### DATA SHOWN
________________

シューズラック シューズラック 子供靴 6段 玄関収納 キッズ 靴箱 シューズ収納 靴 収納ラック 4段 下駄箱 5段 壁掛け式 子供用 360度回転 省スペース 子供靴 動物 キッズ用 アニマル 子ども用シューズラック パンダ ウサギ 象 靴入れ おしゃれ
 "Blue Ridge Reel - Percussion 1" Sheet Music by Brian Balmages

________________

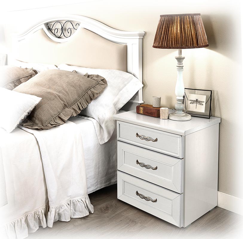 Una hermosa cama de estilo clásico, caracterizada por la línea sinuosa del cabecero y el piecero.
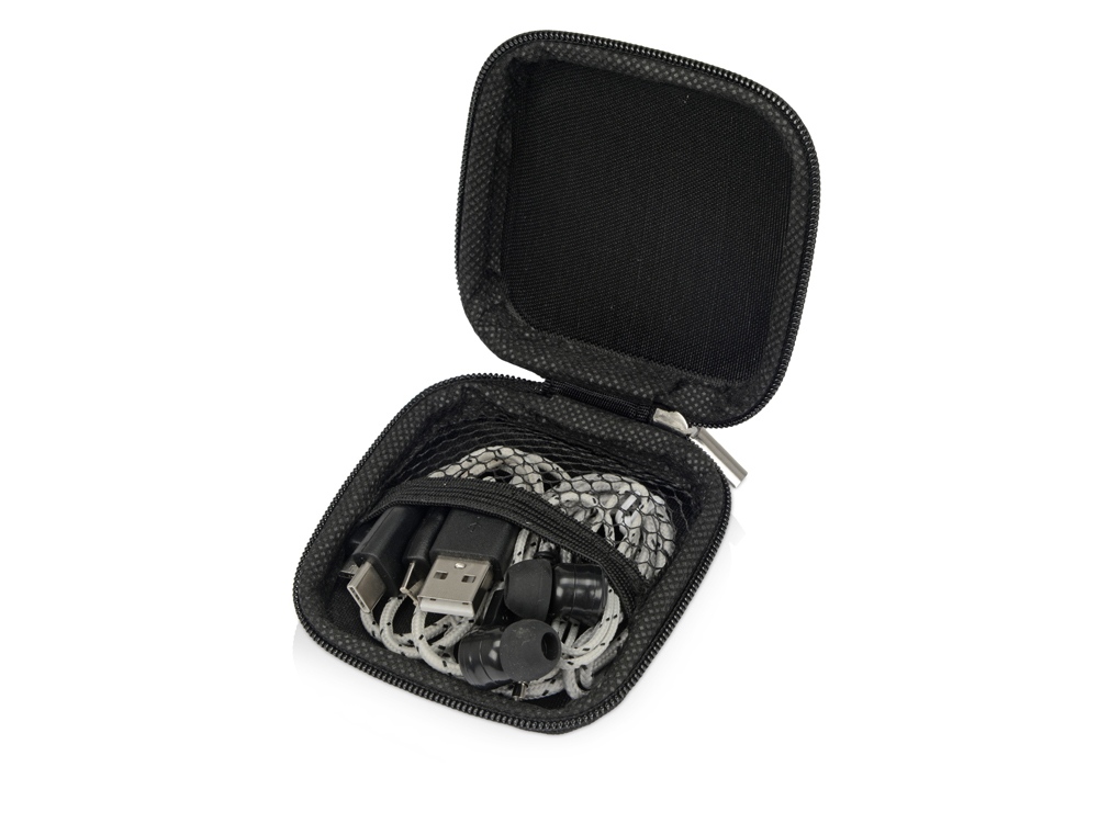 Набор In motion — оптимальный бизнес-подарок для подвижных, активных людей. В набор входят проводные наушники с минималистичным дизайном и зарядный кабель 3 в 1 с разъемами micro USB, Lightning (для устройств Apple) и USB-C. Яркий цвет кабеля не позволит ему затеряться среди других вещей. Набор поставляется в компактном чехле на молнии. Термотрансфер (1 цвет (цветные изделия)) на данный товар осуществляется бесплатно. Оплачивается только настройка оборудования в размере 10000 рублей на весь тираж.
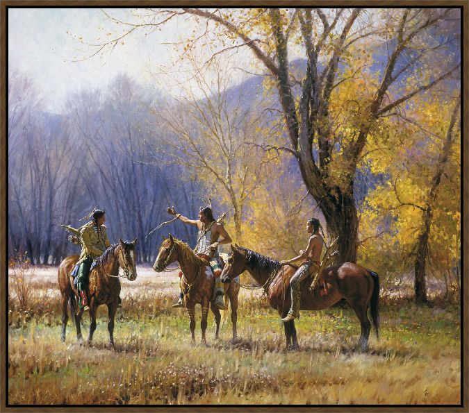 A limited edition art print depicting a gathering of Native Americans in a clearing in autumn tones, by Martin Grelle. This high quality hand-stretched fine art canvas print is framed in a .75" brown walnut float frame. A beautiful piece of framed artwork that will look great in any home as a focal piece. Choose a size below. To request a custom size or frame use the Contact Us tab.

________________

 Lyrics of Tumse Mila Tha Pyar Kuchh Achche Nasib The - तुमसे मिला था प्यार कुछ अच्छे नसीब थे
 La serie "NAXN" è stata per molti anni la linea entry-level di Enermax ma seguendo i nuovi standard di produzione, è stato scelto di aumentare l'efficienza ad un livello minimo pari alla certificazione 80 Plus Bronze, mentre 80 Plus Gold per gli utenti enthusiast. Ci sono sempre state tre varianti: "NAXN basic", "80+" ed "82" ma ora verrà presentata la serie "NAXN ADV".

________________

### PROMPT
Will you return exactly the lines above from the one with "シューズラック シューズラック 子供靴" down to the one with "by Brian Balmages", counting both as part of the range?

### WRITTEN RESPONSE
シューズラック シューズラック 子供靴 6段 玄関収納 キッズ 靴箱 シューズ収納 靴 収納ラック 4段 下駄箱 5段 壁掛け式 子供用 360度回転 省スペース 子供靴 動物 キッズ用 アニマル 子ども用シューズラック パンダ ウサギ 象 靴入れ おしゃれ
 "Blue Ridge Reel - Percussion 1" Sheet Music by Brian Balmages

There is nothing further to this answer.